Bent u ermee bekend dat Nederlandse ziekenhuizen of zorgorganisaties direct of indirect schaars (specialistisch) personeel werven uit Suriname om in Nederland te werken en hierdoor een «braindrain» ontstaat? Bent u het ermee eens dat dit, gelet op de reeds ernstige tekorten aan zorgpersoneel, onwenselijk en schadelijk is voor de volksgezondheid in Suriname? Bent u bereid om Nederlandse ziekenhuizen hierop aan te spreken?
Suriname kampt met een tekort aan zorgpersoneel. Volgens onbevestigde berichten worden er door diverse partijen uit verschillende landen verpleegkundigen geworven in Suriname.

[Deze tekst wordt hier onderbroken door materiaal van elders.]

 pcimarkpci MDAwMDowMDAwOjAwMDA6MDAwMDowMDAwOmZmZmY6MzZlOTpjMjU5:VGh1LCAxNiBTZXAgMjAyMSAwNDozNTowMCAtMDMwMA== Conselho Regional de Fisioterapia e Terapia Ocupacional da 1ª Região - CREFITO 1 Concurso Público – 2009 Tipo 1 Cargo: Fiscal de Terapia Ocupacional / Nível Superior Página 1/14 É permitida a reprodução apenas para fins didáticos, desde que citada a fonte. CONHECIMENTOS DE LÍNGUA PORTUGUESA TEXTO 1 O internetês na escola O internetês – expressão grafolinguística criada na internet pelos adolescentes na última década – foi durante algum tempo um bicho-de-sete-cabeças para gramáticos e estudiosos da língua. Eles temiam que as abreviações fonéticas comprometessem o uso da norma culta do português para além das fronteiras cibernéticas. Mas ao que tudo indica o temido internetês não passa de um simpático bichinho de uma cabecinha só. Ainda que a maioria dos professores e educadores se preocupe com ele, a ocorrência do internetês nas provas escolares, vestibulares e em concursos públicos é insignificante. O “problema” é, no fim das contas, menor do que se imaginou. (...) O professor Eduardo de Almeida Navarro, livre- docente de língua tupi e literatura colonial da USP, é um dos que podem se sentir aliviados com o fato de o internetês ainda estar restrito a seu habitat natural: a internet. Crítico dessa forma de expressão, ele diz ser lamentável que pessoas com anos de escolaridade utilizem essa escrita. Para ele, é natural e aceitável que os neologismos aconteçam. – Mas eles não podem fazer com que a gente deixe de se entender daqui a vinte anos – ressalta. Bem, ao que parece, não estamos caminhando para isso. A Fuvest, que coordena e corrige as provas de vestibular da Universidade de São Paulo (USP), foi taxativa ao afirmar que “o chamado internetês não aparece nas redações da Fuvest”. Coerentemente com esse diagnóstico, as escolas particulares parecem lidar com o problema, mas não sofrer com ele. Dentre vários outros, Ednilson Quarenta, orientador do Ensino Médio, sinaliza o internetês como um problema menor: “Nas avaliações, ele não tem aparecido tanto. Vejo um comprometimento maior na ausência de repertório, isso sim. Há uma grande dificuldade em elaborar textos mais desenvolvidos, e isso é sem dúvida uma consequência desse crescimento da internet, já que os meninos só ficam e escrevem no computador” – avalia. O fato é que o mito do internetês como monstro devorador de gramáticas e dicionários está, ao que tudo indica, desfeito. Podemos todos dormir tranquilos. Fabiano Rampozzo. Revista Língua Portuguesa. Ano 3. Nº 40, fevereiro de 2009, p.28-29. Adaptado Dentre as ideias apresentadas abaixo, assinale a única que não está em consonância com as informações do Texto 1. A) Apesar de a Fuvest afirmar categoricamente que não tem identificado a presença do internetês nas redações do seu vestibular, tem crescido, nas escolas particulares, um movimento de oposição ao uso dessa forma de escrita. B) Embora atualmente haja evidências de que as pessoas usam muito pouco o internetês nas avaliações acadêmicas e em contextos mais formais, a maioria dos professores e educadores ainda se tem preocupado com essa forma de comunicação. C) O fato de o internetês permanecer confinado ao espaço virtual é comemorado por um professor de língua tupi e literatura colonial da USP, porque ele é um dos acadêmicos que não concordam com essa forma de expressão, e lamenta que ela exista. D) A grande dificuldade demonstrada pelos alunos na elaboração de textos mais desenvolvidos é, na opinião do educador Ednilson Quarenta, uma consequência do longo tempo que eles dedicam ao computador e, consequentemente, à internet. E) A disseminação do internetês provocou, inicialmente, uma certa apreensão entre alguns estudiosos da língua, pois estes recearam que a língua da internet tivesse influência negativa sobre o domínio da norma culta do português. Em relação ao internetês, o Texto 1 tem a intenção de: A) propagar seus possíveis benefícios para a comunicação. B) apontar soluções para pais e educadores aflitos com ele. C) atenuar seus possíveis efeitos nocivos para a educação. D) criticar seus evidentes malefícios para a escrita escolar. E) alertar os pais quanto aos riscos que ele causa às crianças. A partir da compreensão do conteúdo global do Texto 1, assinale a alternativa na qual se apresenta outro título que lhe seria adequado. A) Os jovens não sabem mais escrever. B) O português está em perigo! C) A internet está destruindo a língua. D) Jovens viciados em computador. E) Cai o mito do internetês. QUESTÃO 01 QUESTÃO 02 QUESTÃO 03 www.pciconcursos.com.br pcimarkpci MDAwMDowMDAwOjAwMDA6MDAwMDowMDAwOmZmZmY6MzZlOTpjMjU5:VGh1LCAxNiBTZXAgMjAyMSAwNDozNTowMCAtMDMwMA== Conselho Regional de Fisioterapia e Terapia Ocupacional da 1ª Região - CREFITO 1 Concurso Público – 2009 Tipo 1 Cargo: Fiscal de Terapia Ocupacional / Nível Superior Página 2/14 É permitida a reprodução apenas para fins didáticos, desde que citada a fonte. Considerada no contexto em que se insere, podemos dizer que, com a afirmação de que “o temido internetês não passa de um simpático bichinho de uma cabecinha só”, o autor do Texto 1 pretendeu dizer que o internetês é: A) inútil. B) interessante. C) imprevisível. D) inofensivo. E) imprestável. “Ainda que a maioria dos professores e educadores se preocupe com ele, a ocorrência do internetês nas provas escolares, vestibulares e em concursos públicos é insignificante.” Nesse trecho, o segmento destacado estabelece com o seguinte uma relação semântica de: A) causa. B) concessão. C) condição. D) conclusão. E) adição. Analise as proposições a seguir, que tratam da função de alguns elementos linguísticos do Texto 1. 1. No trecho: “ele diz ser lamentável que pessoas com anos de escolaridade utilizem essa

De Minister van Volksgezondheid, Welzijn en Sport is er mee bekend dat Surinaamse zorgmedewerkers in de Nederlandse gezondheidszorg werken. Het kabinet zet echter niet actief in op arbeidsmigratie van buiten de EER (met uitzondering van kennismigratie). Zo is er in Nederland nog onbenut arbeidsmarktpotentieel van mensen met een zorgachtergrond of affiniteit met zorg die in de Nederlandse gezondheidszorg kunnen worden ingezet. Ook wordt gekeken naar de mogelijkheden van urenuitbreiding voor zorgmedewerkers met een deeltijdcontract. Daarnaast is er nog onbenut arbeidsmarktpotentieel in de Europese Unie.

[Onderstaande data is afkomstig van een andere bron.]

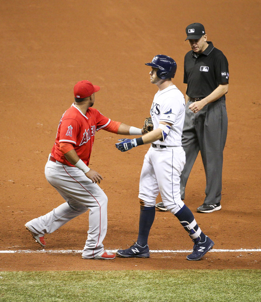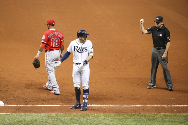 Anytime Maybin draws a walk now, it's hard earned, because no pitcher wants to put him on with Mike Trout on deck. After Maybin walked, the Rays tried to get Trout to chase two pitches before they simply walked him intentionally, to load the bases.
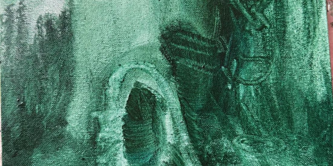 In Io studio, “Cosa succede nell’acqua?” Acrilico su tela2025
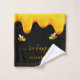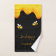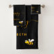 Un fondo negro de moda decorado con miel de goteo dorada. El texto: Abeja feliz con un guión de estilo con letras a mano dorada con chispas. Personaliza y agrega tu nombre. Perfecto para su casa de verano o de vacaciones.

Het staat zorgorganisaties echter vrij om Surinaamse verpleegkundigen en artsen in te zetten als zij voldoen aan de voorwaarden die worden gesteld in de Wet arbeid vreemdelingen en in de Wet op de beroepen in de individuele gezondheidszorg. Het UWV toetst per aanvraag onder andere of er prioriteitsgenietend aanbod aanwezig is en of de werkgever voldoende heeft gedaan om binnen Nederland, de Europese Economische Ruimte en Zwitserland personeel te vinden. Ook moet worden aangetoond dat de randvoorwaarden op orde zijn zoals huisvesting en een marktconform salaris.
Bent u bereid om gezien de financiële situatie van Suriname en gezien de historische banden (tijdelijk) de reis- en verblijfskosten en kosten voor coördinatie over te nemen van het Nederlands zorgpersoneel en experts, die zich bereid hebben geacht om Suriname te ondersteunen? En bent u bereid hiervoor een budget beschikbaar te stellen?
Er is reeds een budget beschikbaar voor het bekostigen van reiskosten van experts, via het Programma Uitzending Managers (PUM). Vooralsnog wordt dit budget toereikend geacht. Ook wordt via het reeds genoemde Makandra-programma technische assistentie geleverd.
Voor de eventuele inzet van Nederlands zorgpersoneel dat op vrijwillige basis naar Suriname wil gaan kan Suriname ervoor kiezen het Zorg Transitiefonds aan te wenden (zie ook antwoord op vraag 2).
Bent u bereid te bezien hoe Nederland, indien daar behoefte aan is, kan helpen met het opleiden en ondersteunen van instanties die bezig zijn geschoold medisch personeel op te leiden dan wel te specialiseren? Bent u bereid om hiervoor in samenwerking met de Minister van VWS een fonds in te richten?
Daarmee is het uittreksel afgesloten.